Sonny and Cher
1-1-2019: Return of the Prodigal Public Domain
17 U.S.C. section 101 et. seq is the US Copyright Act, a bit of legislation I have seen change and expand over the past 30 years of professional curiosity. In that time, I have seen the growth of the US public domain come to a screeching stop. A magic 20 year extension of copyright protection was added to all extant works as a matter of law in 1998. This meant no new works were added to the public domain body of writings, fine art, films, songs, dance, or photography that we are all free to use as we like, whether they are liberally incorporated into new works or copied wholesale.
- What is the public domain?
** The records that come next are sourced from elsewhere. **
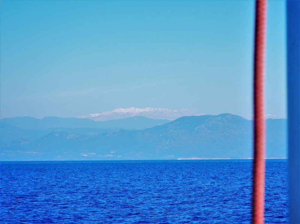 Après une nuit paisible, où nous prenons tour à tour nos quarts, nous sommes au petit matin en vue des sommets neigeux de la chaine turque du Taurus. Nous nous rapprochons encore des côtes, vers notre destination, l’ile grecque de Kastellorizo. A 13h, nous sommes amarrés dans son port principal, Megisthi.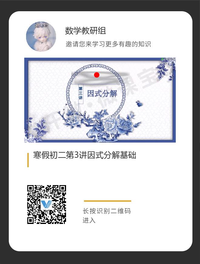 正在播放:寒假初二第3讲因式分解基础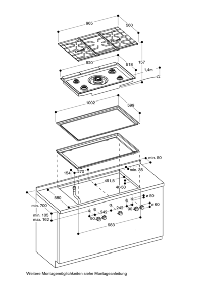 Kích thước lắp đặt Bếp Gas âm bàn Gaggenau Seri 400 CG492211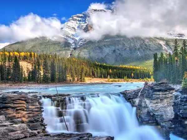 弓河瀑布(Bow River Fall)位于風(fēng)景秀麗的弓河(Bow River)之上,河水沿著班夫北面的山勢(shì)而來,在市區(qū)繞過一個(gè)弧度再往北而去,形狀就像一張弓,因此而得名。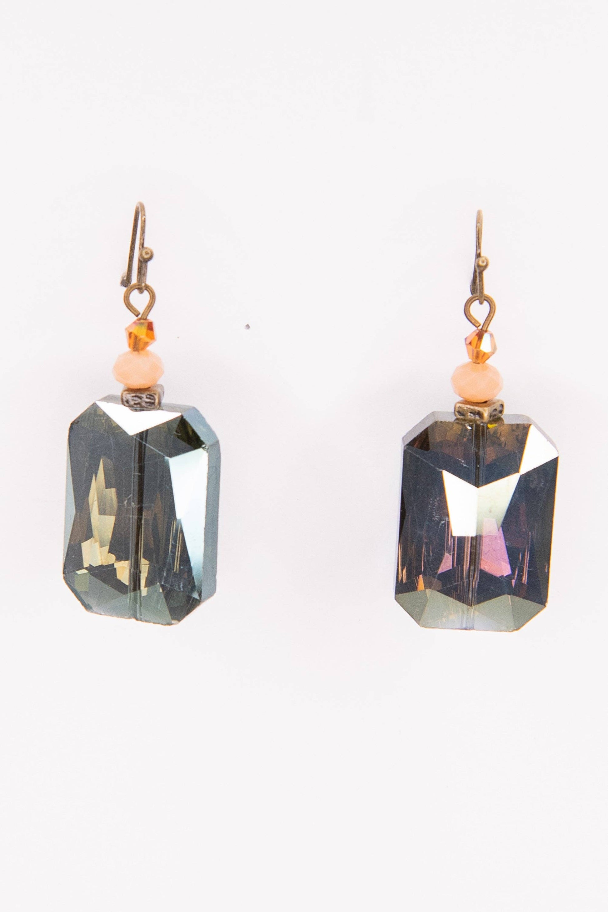 Fishhook Dangle translucent blue earring. Earring has small blush beads attached. Earring 2" long and 1" wide Pairs well with Winnie Necklace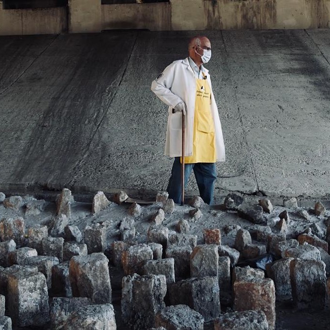 Com uma marreta em suas mãos, lembrando Jesus quando toma o chicote no templo, o sacerdote começa a retirar os paralelepípedos ali colocados pelo poder público, que em vez de agir proativamente para que tais pessoas pudessem ter um lugar digno para viver, preferiu impedi-los, colocando pedras no local que lhes serviam de abrigo.
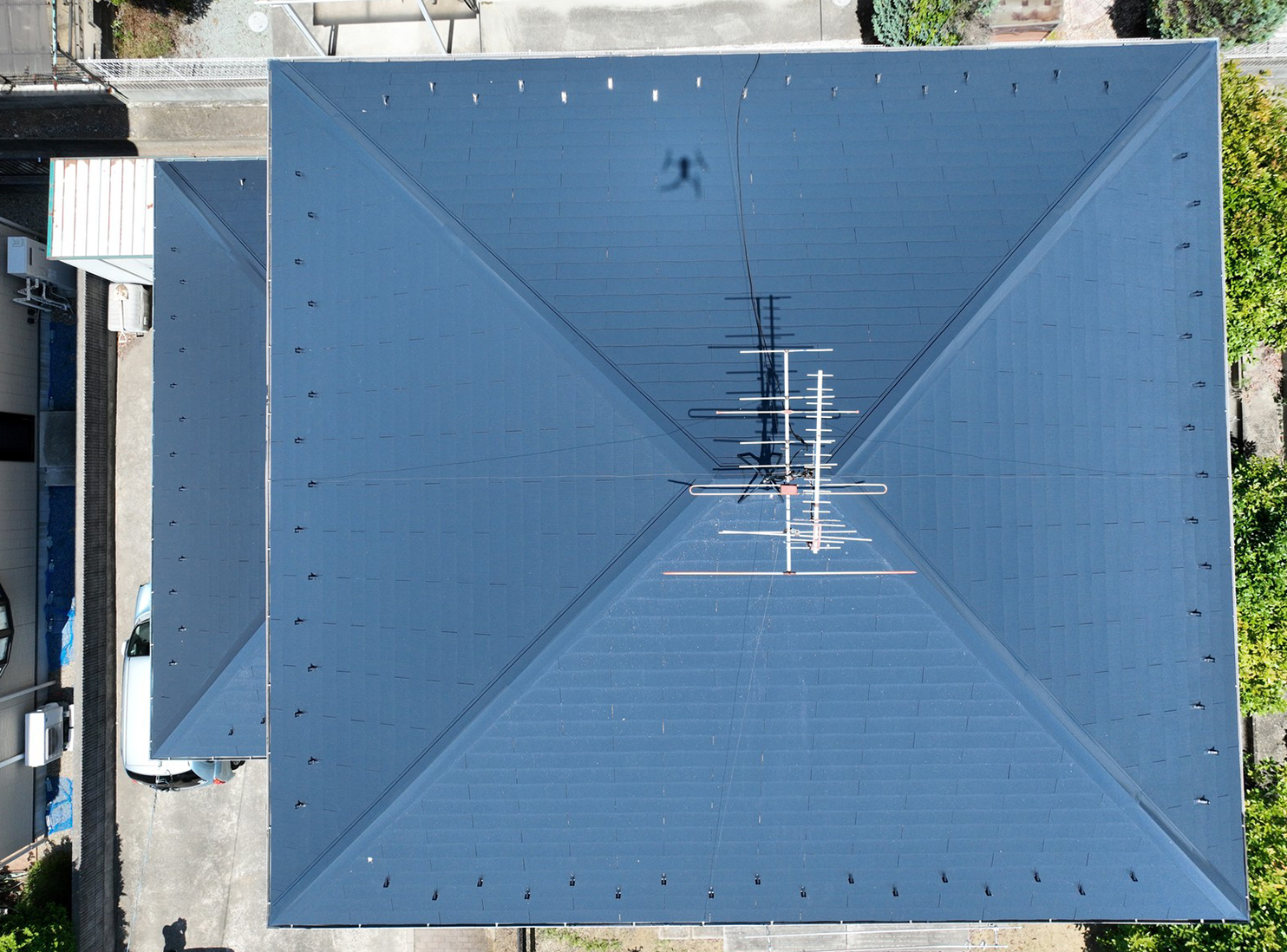 屋根はスレート材で劣化が進んでいたため、通常4回塗りのところを5回塗りで対応。下塗り3回+中塗り・上塗りで強靭な塗膜を形成し、耐久性を高めました。さらに付帯部も含め全体を丁寧に仕上げることで、風災に強く、長く安心できる住まいへと改善しました。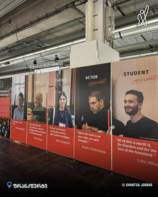 სინდისის პატიმრების ბანერები ფრანკფურტის წიგნის ბაზრობაზე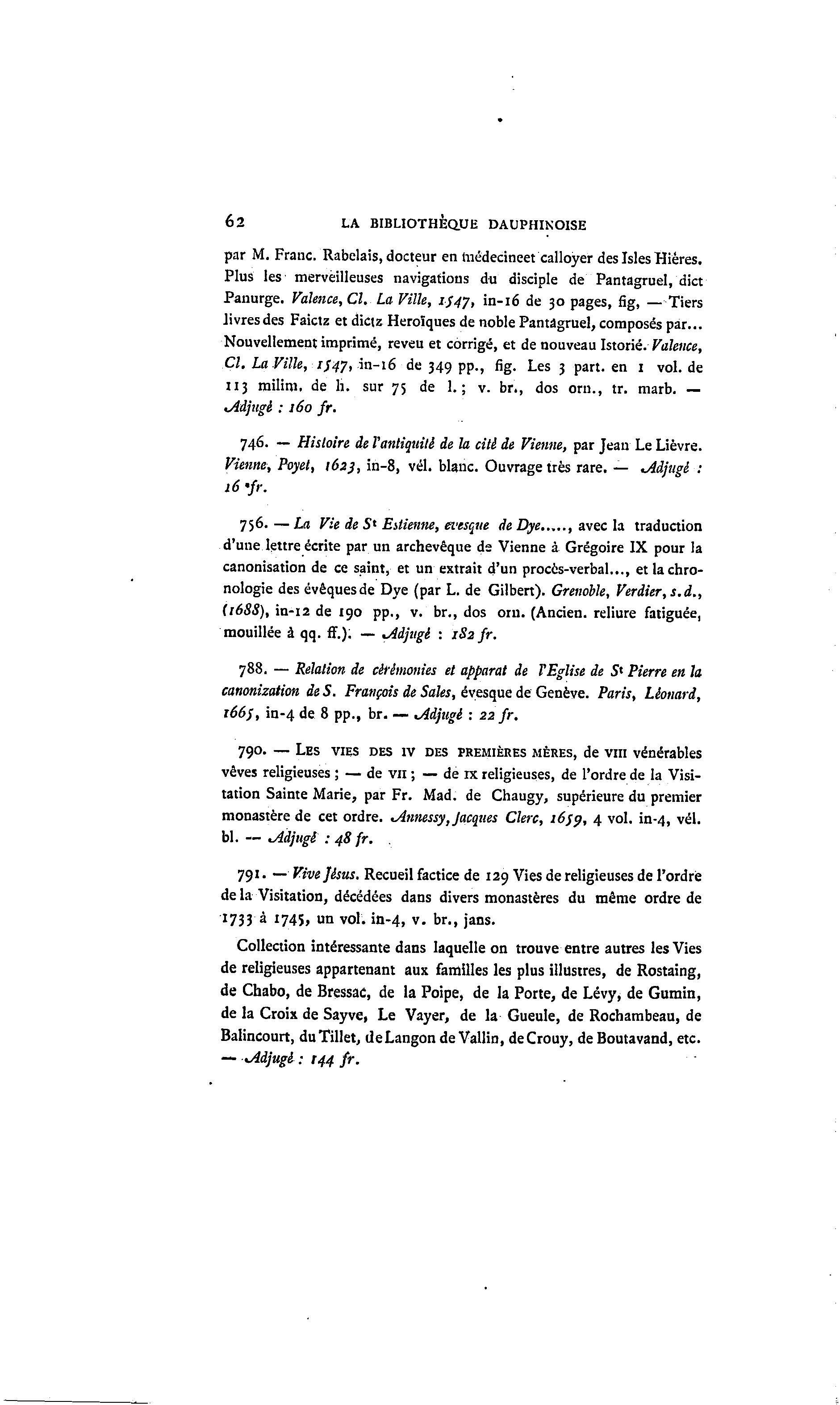 62 LA BIBLIOTHÈQJJE DAUPHINOISE par M. Franc. Rabelais, docteur en médecineet calloyer des Isles Hières. Plus les merveilleuses navigations du disciple de Pantagruel, dict Panurge. Valence, Cl. La Ville, 1J47, in-16 de 30 pages, fig, — Tiers livres des Faictz et diciz Héroïques de noble Pantagruel, composés par... Nouvellement imprimé, reveu et corrigé, et de nouveau Istorié. Valence, Cl. La Ville, 1/47, in-16 de 349 pp., fig. Les 3 part, en 1 vol.de 113 milim. de h. sur 75 de 1.; v. br., dos orn., tr. marb. — ^Adjugé : 160 fr. 746. — Histoire de l'antiquité de la cité de Vienne, par Jean Le Lièvre. Vienne, Poyet, 1623, in-8, vél. blanc. Ouvrage très rare, — ^Adjugé : 16 'fr. 756. — La Vie de 5« Etiietme, evesque de Dye avec la traduction d'une lettre écrite par un archevêque de Vienne à Grégoire IX pour la canonisation de ce saint, et un extrait d'un procès-verbal..., et la chro- nologie des évêquesde Dye (par L. de Gilbert). Grenoble, Verdier,s.d., (1688), in-12 de 190 pp., v. br., dos orn. (Ancien, reliure fatiguée, mouillée à qq. ff.); — adjugé : 182 fr. 788. — Relation de cérémonies et apparat de VEglise de 5< Pierre en la canonizaiion de S. François de Sales, évesque de Genève. Paris, Léonard, 166J, in-4 de 8 pp., br. — adjugé : 22 fr. 790. — LES VIES DES IV DES PREMIÈRES MÈRES, de vin vénérables vêves religieuses ; — de vu ; — de ix religieuses, de l'ordre de la Visi- tation Sainte Marie, par Fr. Mad. de Chaugy, supérieure du premier monastère de cet ordre, ^Amiessy, Jacques Clerc, 16J9, 4 vol. in-4, vél. bl. - - ^Adjugé : 48 fr. . 791. — Vive Jésus. Recueil factice de 129 Vies de religieuses de l'ordre de la Visitation, décédées dans divers monastères du même ordre de 1733 à 1745, un vol. in-4, v. br., jans. Collection intéressante dans laquelle on trouve entre autres les Vies de religieuses appartenant aux familles les plus illustres, de Rostaing, de Chabo, de Bressac, de la Poipe, de la Porte, de Lévy, de Gumin, de la Croix de Sayve, Le Vayer, de la Gueule, de Rochambeau, de Balincourt, duTillet, deLangonde Vallin, deCrouy, deBoutavand, etc. — ^Adjugé : 144 fr.

Works that are not under anyone’s control or ownership are essentially common stock, free to use, remix, and reuse. Thus, a work in the public domain, like Shakespeare’s plays or Mozart’s compositions, can be reproduced and used freely by anyone with or without alteration. It can be adapted to create a new work that itself can be protected by copyright to the extent of the newly composed portions. The public domain spurs new creations, like West Side Story, based on Romeo and Juliet, and even Pride & Prejudice & Zombies.
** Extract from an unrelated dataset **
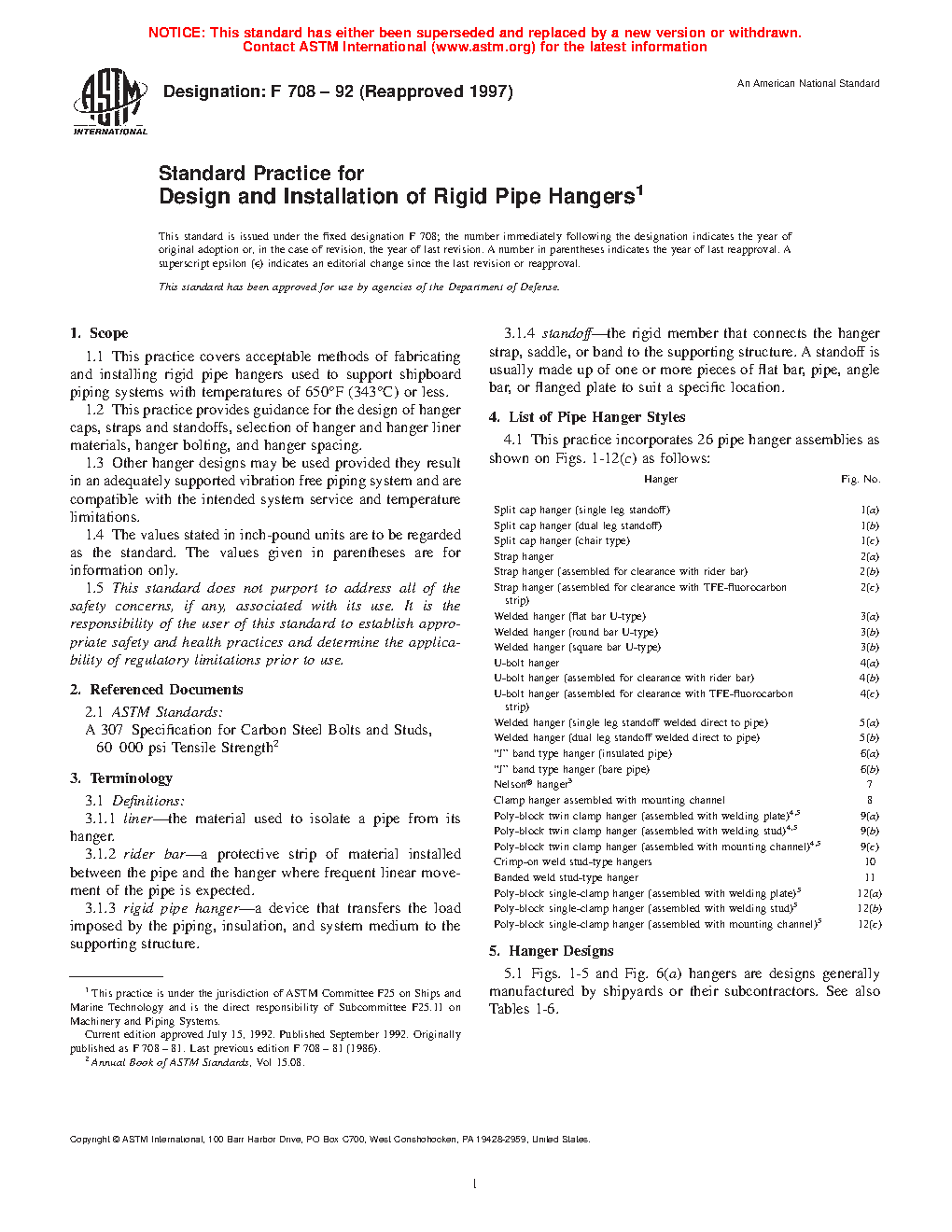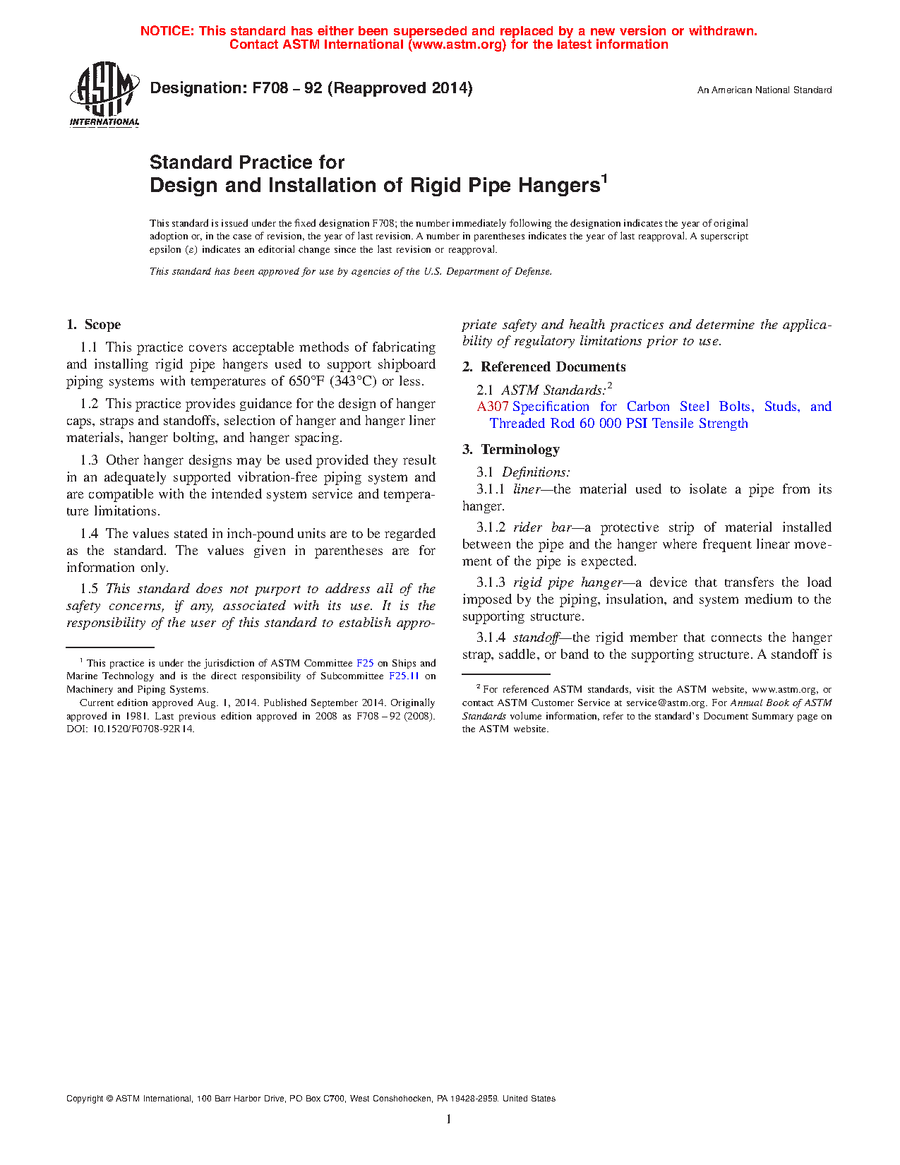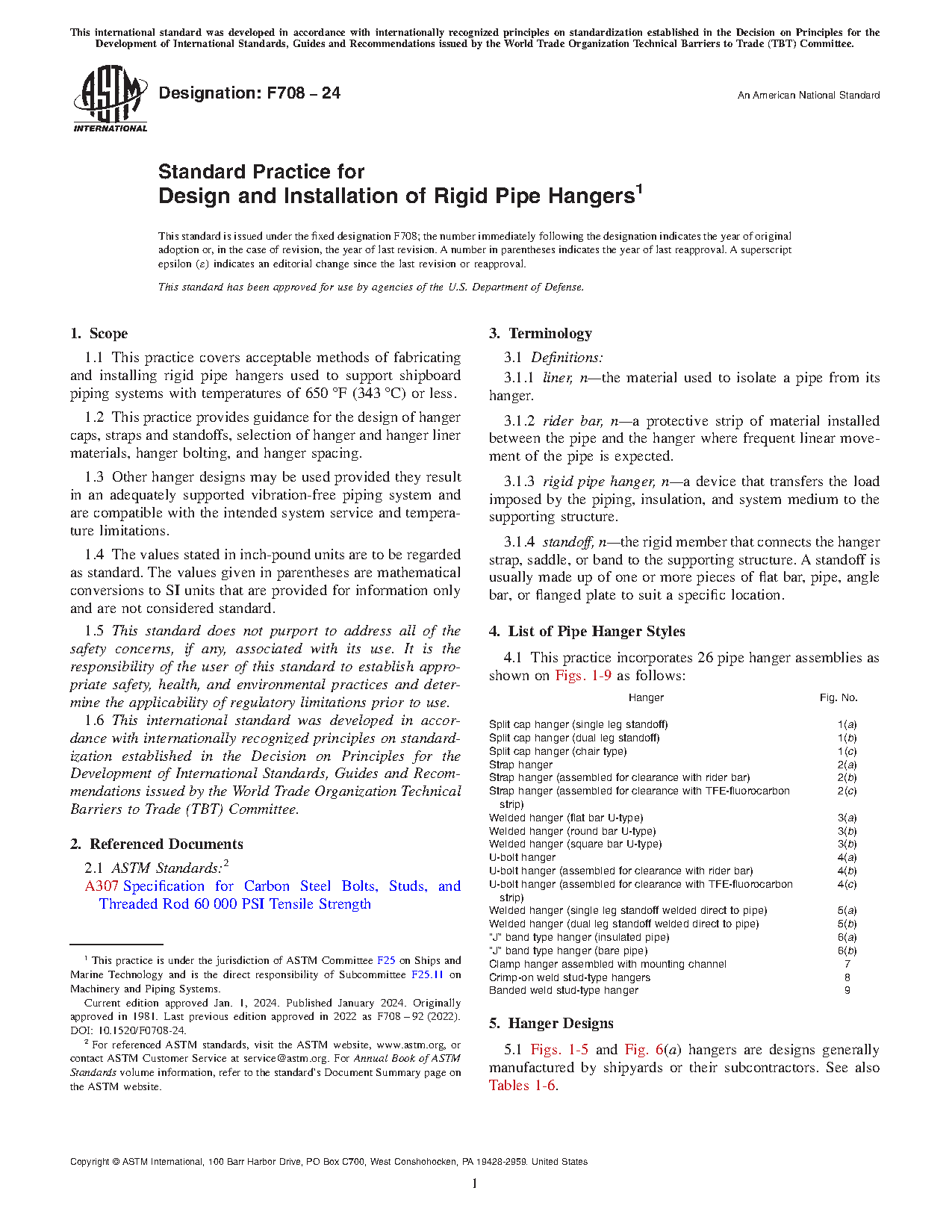 1.1 This practice covers acceptable methods of fabricating and installing rigid pipe hangers used to support shipboard piping systems with temperatures of 650 °F (343 °C) or less.

That was the impact of the Sonny Bono Copyright Term Extension Act (CTEA). Sonny was a California congressman and former pop star and songwriter. Best known as the mustachioed half of “I’ve Got You Babe” duo Sonny & Cher, he was a proponent of extending the time of copyright protection from life of the author plus 50 years to the longer term of life of the author plus 70 years. His skiing accident death turned the bill he proposed into a bit of a memorial statute. So, 20 years was added by fiat to all then existing protected works in 1998 and thus songwriter Sonny had a legacy for his survivors.
- What is copyright? Briefly, in the US, it is the automatic protection for original works of authorship fixed in a tangible medium of expression, or “OWAFTME” as I have nicknamed it. The copyright owner has the exclusive right during the period of protection to authorize copies of that work, including reproductions, adaptations, translations, transformations and derivative works, public performance or displays as the case may be for the kind of work and the exclusive right to license and authorize others to do those things. And that exclusive period of control is now roughly not only for the life of the author but also for that of one generation of their descendants’: life plus 70 years.
After 11:59 pm Monday night, this protective bubble bursts, and there will be works that once again are free for all of us to use as our own: in the public domain. There is still the 20 year extension bubble going forward over more recent works, but now the life plus 70 protected works of those "authors" (the term by which all creators of any work, from choreography to sound recordings are known) will mean works of an author who died in 1948 will be free to use by all as to use as we like as of midnight 1-1-2019. Works made for hire are not gauged by the death of the individual creator but generally have a set 95 years from publication. So 1923 works join the public domain then too, even those works made for hire for a corporation, many of them still in existence. And many publishers and film companies continue on in the same or conglomerated form, exploiting those old cash cows, still in copyright works.
Why did we do it? This 20 year windfall was seen as putting the US on a more even keel with other industrial countries, particularly with Europe, where life plus 70 years was a typical term. But rather than being PROSPECTIVE term for new works, where the idea that copyright is an incentive for creators to make and release new works, the change was made for all works, including those created decades before, whose authors were long cold in the ground and beyond any such coaxing.
The term rules are made more complex by the various extensions of term for the 1909 Act works, a law effective until 1-1-1978. (The current Copyright Act, is known as the 1976 Act. I know: this is The Law, home of obfuscation.) Those 1909-governed works originally had technical rules about publication and notice which caused many works to fall into the public domain on a technicality. Add in the US joining the international Berne Copyright Convention in 1989 and having to reinstate protection to foreign copyright owners who’d lost protection due to those old arcane rules. Copyright law is a complex and fierce, like barrel filled with biting, angry weasels whose tails are tangled.
Perhaps most importantly, these 1923 works were created with the expectation of 28 years protection. If the work was profitable, authors would renew for another 28. It's a myth that the length of the term of copyright provided incentive any of the copyright term extensions for works created arguably before 1-1-78. The laws under which they were created offered no such extensive posthumous protection.
So who was the real recipient of this government largess? Now, this little rat pictured on this page, born in 1928, avoids the public domain until the end of 2023 (1-1-2024). I am sure that is just a coincidence. Without the Sonny Bono term extension, Steamboat Willie Mickey would have entered the public domain after 2003 (1-1-2004), a scant 5 years after the enactment of the CTEA.
Copyright is a bargain: limited time protection and financial and other control in exchange for public disclosure. This quid-pro-quo is to fuel our marketplace of ideas. Over-protection stifles new works as too much control limits the leeway for new works to build upon prior ones. A thriving public domain is one of the ways the regime balances the scales in favor of free expression. I’ll be popping my cork at midnight for the return of that auld friend, the American public domain.